Open-Source Model Integration
The practice of substituting open-source or third-party models in place of Anthropic’s native models inside Claude Code. The harness (Claude Code) handles file access, tooling, and workflow; the model handles reasoning.
Analogy from Nate Herk: Claude Code is the car, the AI model is the engine. You can swap the engine without changing the car.
Why It Works
Claude Code uses Anthropic’s API by default. That API endpoint, auth token, and model selection are all environment variables. Override them to point anywhere: a local Ollama server, OpenRouter, or any OpenAI-compatible endpoint.
Using third-party models is not against Anthropic’s ToS — you’re using Anthropic’s agent harness.
Method 1: Local via Ollama
Run an open-source model entirely on your own hardware.
Setup:
- Install Ollama
- Pull a model:
ollama pull <model-name> - Launch Claude Code via Ollama:
ollama launch claude→ select model - Requires a one-time $5 Anthropic API credit deposit (never consumed — required for auth setup only)
Context window fix: Ollama may default to a small context window. Create a custom model config with num_ctx set explicitly. Ask Claude Code how to do this.
Characteristics:
- Fully private (nothing leaves your machine)
- No per-token cost beyond hardware
- Slower than cloud inference
- Less tool call visibility in some models
- Quality limited by local hardware (RAM, GPU)
Method 2: Cloud via OpenRouter
Route requests to OpenRouter’s model catalog, which includes hundreds of free and cheap models.
Setup (.claude/settings.local.json):
{
"env": {
"ANTHROPIC_BASE_URL": "https://openrouter.ai/api/v1",
"ANTHROPIC_AUTH_TOKEN": "<openrouter-api-key>",
"ANTHROPIC_MODEL": "<model-id>:free",
"ANTHROPIC_SMALL_FAST_MODEL": "<model-id>:free"
}
}Critical: Set ALL model variables. If only ANTHROPIC_MODEL is set, Claude Code still uses Anthropic Haiku/Sonnet for small tool calls and charges you silently.
Free model rate limits:
- No deposit: 50 requests/day
- 0)
When to Use Open-Source Models
| Use case | Recommended? |
|---|---|
| Summarizing/reading files | Yes |
| Grepping/searching codebases | Yes |
| Code scaffolding (repetitive) | Yes |
| Research, email triage | Yes |
| Heavy coding, high-stakes work | No — use Opus 4.6 |
| Fallback when Anthropic is down | Yes |
| Fallback when session limit hit | Yes |
The Real Cost Trade-Off
No option is truly free:
- Local: pay in hardware (GPU/RAM)
- Ollama cloud: pay subscription for higher usage
- VPS: pay for hosted inference
Realistic benefit: 50–100x cost reduction using cheap OpenRouter models over full Anthropic API pricing — not elimination, but significant optimization.
Model Compatibility Notes
Open-source models may:
- Not follow Claude Code’s exact JSON tool-calling protocol
- Have insufficient context for Claude Code’s system prompt
- Lack native web search capability (can still use via Brave, Tavily, etc.)

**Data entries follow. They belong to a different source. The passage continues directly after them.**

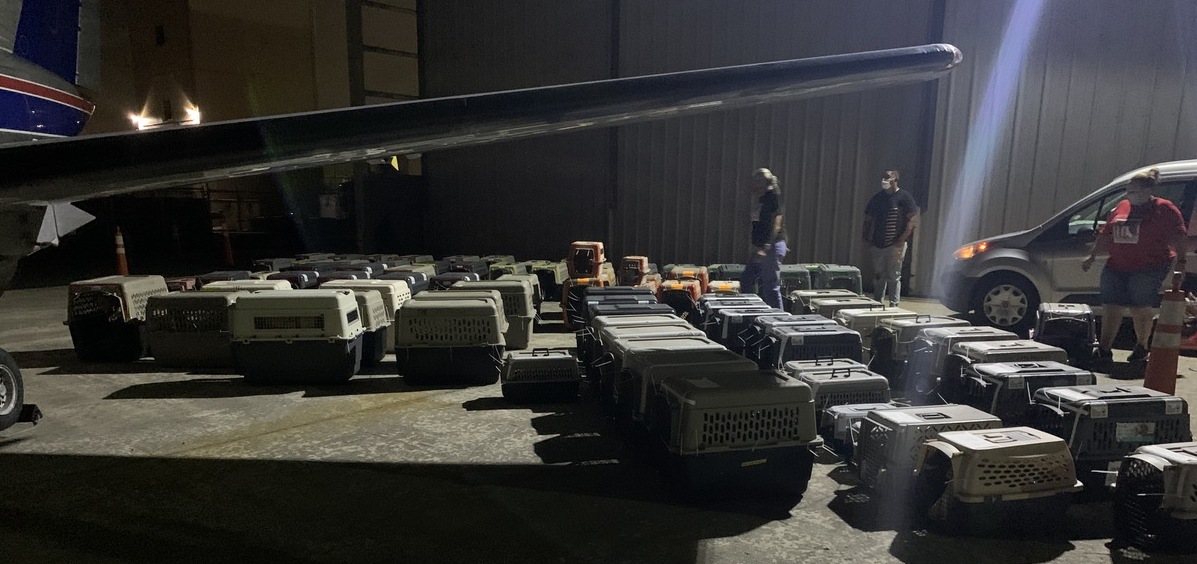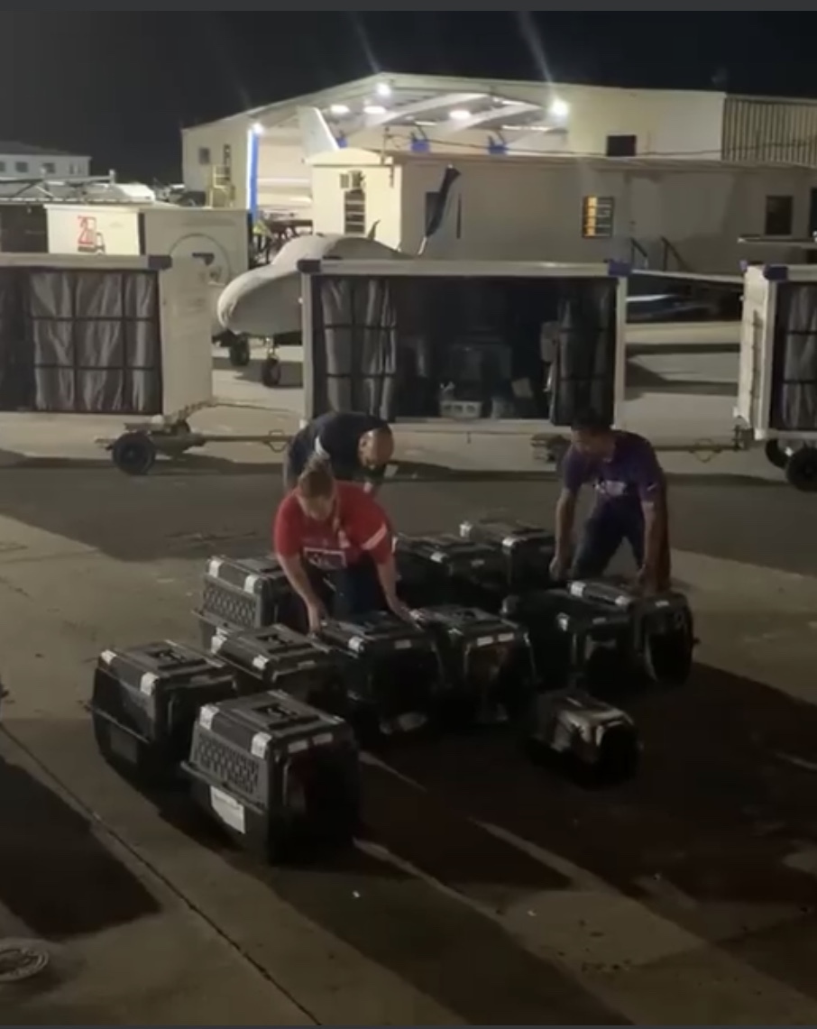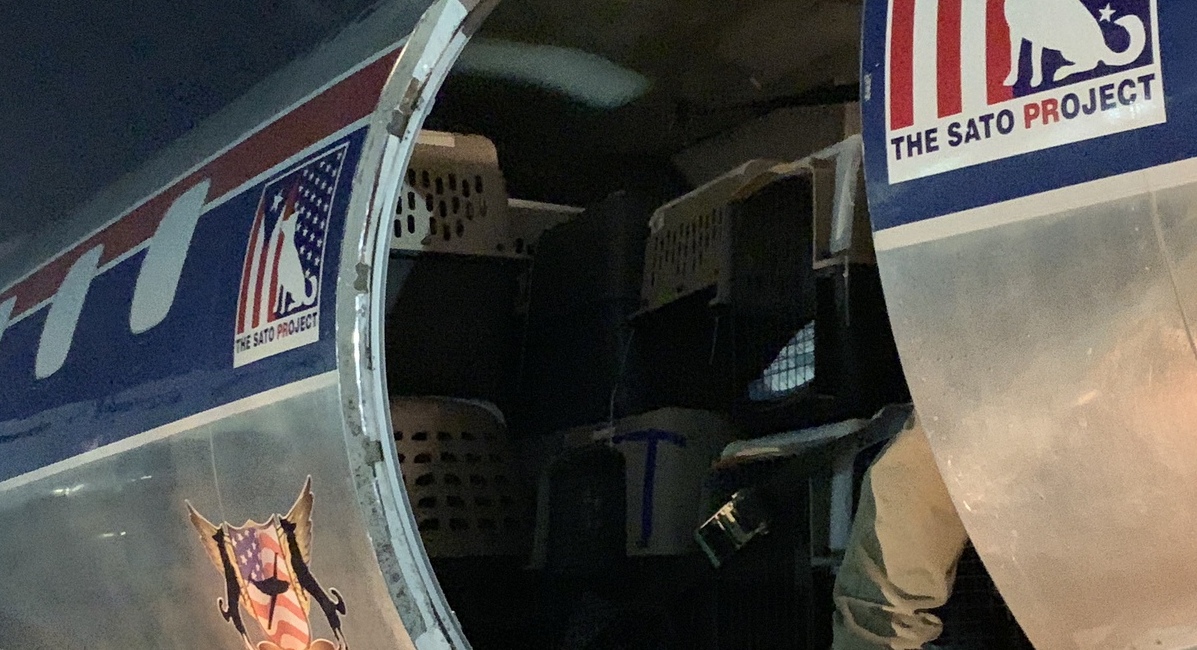 "Typically, we start around 11 p.m. by sorting and labeling all the dogs that are in The Sato Project’s possession," he said. "We then load all the dogs that are being fostered onto the plane. There are usually two stops on the flight, so we need to make sure that the animals that are getting taken off at Fort Lauderdale, going to the Humane Society of Broward County, are loaded on last. We usually finish the staging, sorting, and zip tying crates shut by 1 a.m., and wait for the crew of the aircraft to show up around 2. We load them all up and Berry Aviation, a charter airline, is calling for their clearance by 3-3:30 a.m. They make a stop in Fort Lauderdale to drop some dogs off, and then continue up to Morristown Airport in New Jersey to drop off the rest. Lately, they have had all the dogs going to New York/New Jersey area adopted before they get there, so the new families can pick them up pretty much right off the plane."
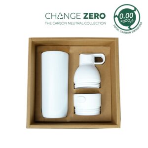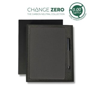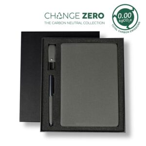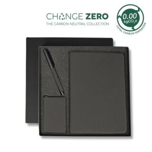 Sustainable refillable notebook, pen & USB keychain gift set.
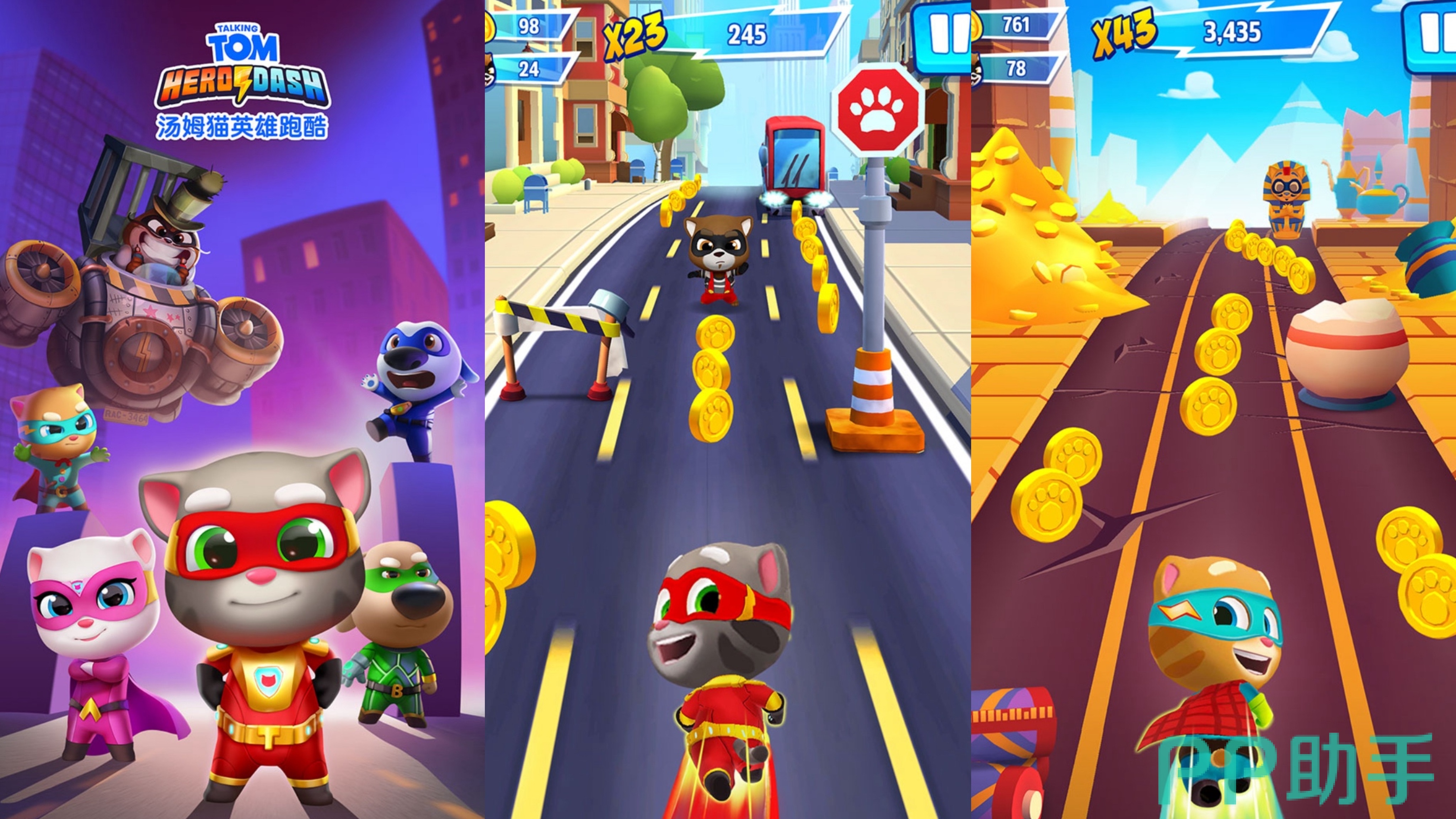 超级英雄汤姆猫家族来啦!这次我们将会化身为勇敢的猫猫超人,去展开一场打击罪恶的正义跑酷之旅!当然,正义总是曲折的,在跑酷的过程中,我们会遇到各种各样的关卡和障碍,我们需要克服障碍,并且将沿途的金币收入囊中,直到将大boss浣熊打败,这样正义跑酷才算胜利。等到金币足够多的时候,我们就可以重建自己的家园,还可以收获更多的跑酷地图,拥有更多更有趣的跑酷体验哦!
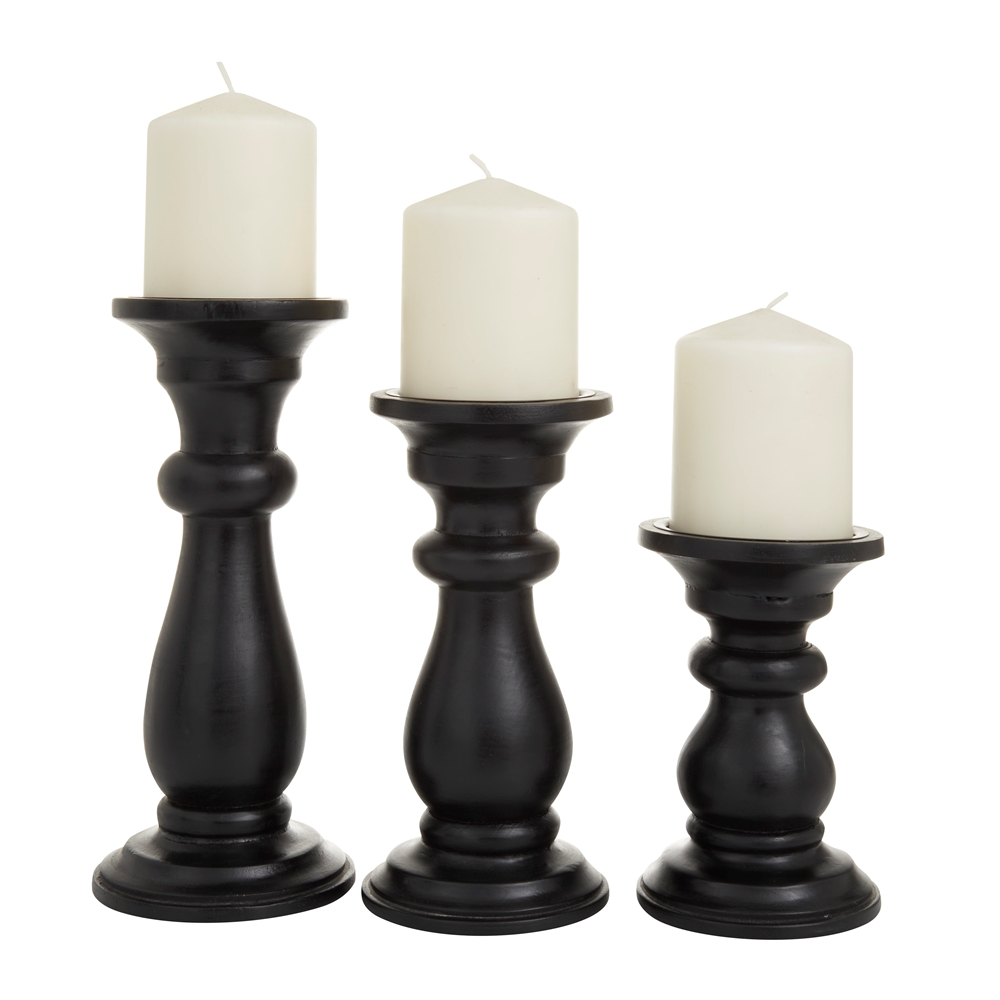 Infuse your space in the romantic candlelight glow that emits from this set of black candle holders.
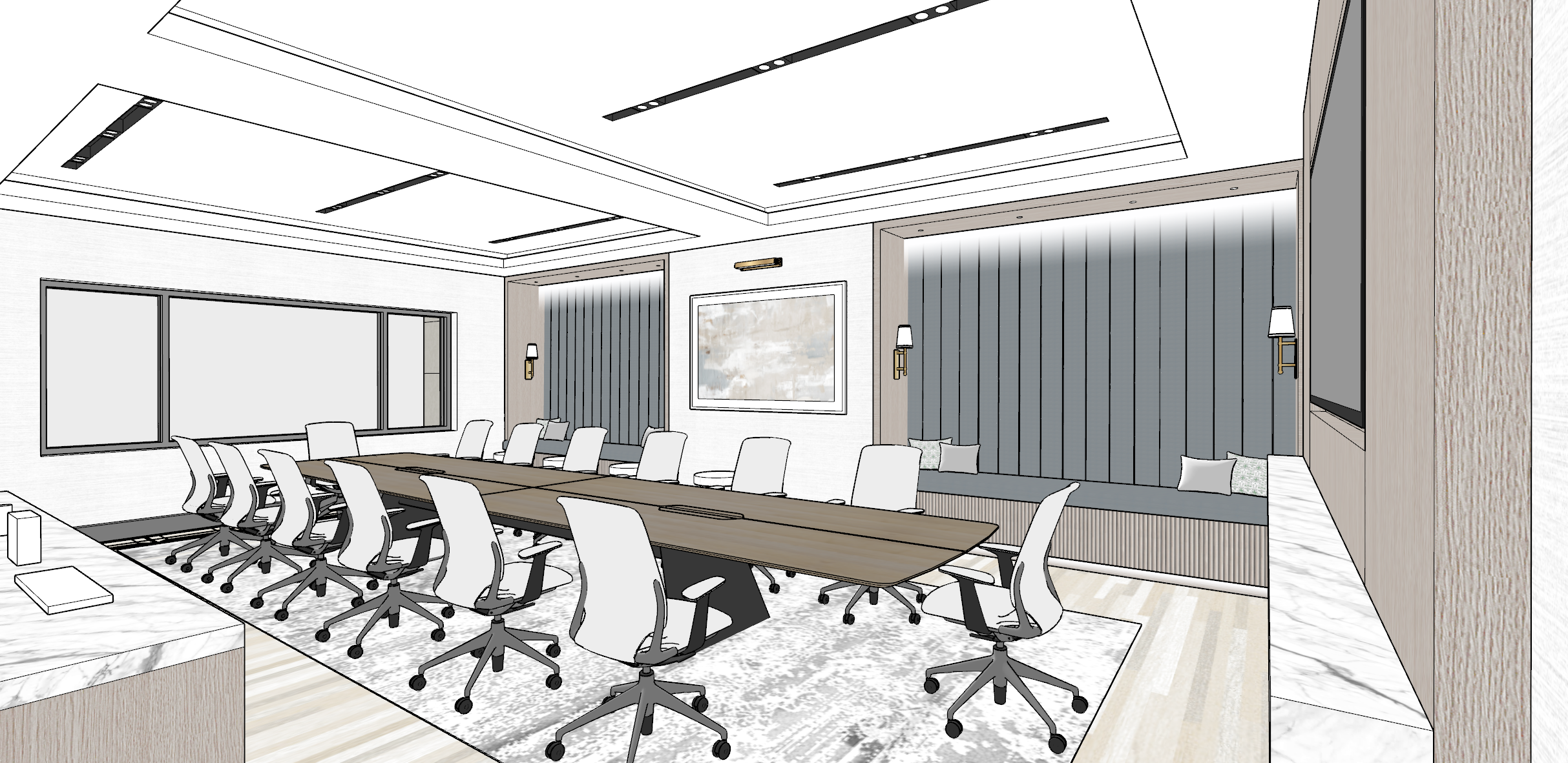 transform the provided image into a highly realistic photorealistic rendering of a luxurious corporate amenity conference space the environment should feel warm welcoming and upscale designed for professionals to meet collaborate and relax emphasize comfort and sophistication and residential hospitality inspired feel incorporate rich light oak wood finishes throughout include tray ceilings and ensure lighting is evenly distributed across all areas using a balanced mix of natural daylight and warm ambient artificial lighting with no harsh shadows or dark corners enhance realism in a daytime setting populate the space with numerous white business professionals engaged in meetings and conversation make the tv on the right side show charts and graphs views through the windows should show a building facade overall mood elegant contemporary warm and highly realistic blending luxury hospitality with modern corporate additional white business people sitting on each banquette add cove lighting to tray ceilings
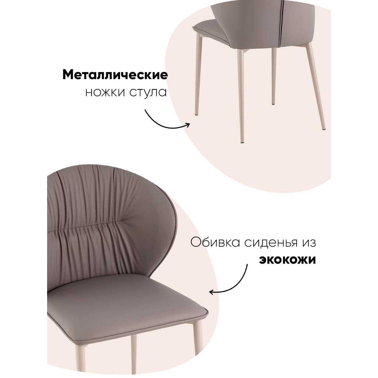 Каркас выполнен из прочного металла, что гарантирует его долговечность и устойчивость. Устойчивые ножки обеспечивают стабильность, а максимальная нагрузка в 100 кг делает его надёжным выбором для ежедневного использования. Сиденье и спинка обиты экокожей, которая не только приятна на ощупь, но и устойчива к износу, что позволяет сохранить первоначальный вид стула на долгие годы.

Larger models (e.g., 70B+) generally behave more reliably with Claude Code’s harness.
Relevant Models
- Gemma 4 — highlighted as motivating example; small size, high quality, good tool calling
- MiniMax M2.7 — claims to outperform Opus 4.6 on SWE benchmarks; 20x cheaper, 3x faster; subscription-based pricing
- Qwen 3.5/3.6 — strong open-source coding models, available on Ollama and OpenRouter
Context Window Improvements
TurboQuant (April 2026, Google Research) dramatically improves the practical context window of local models — 4x more tokens in the same RAM. A model previously capped at 8K context on consumer hardware can now reach 32K. Being merged into llama.cpp. This significantly expands the range of tasks suitable for local inference.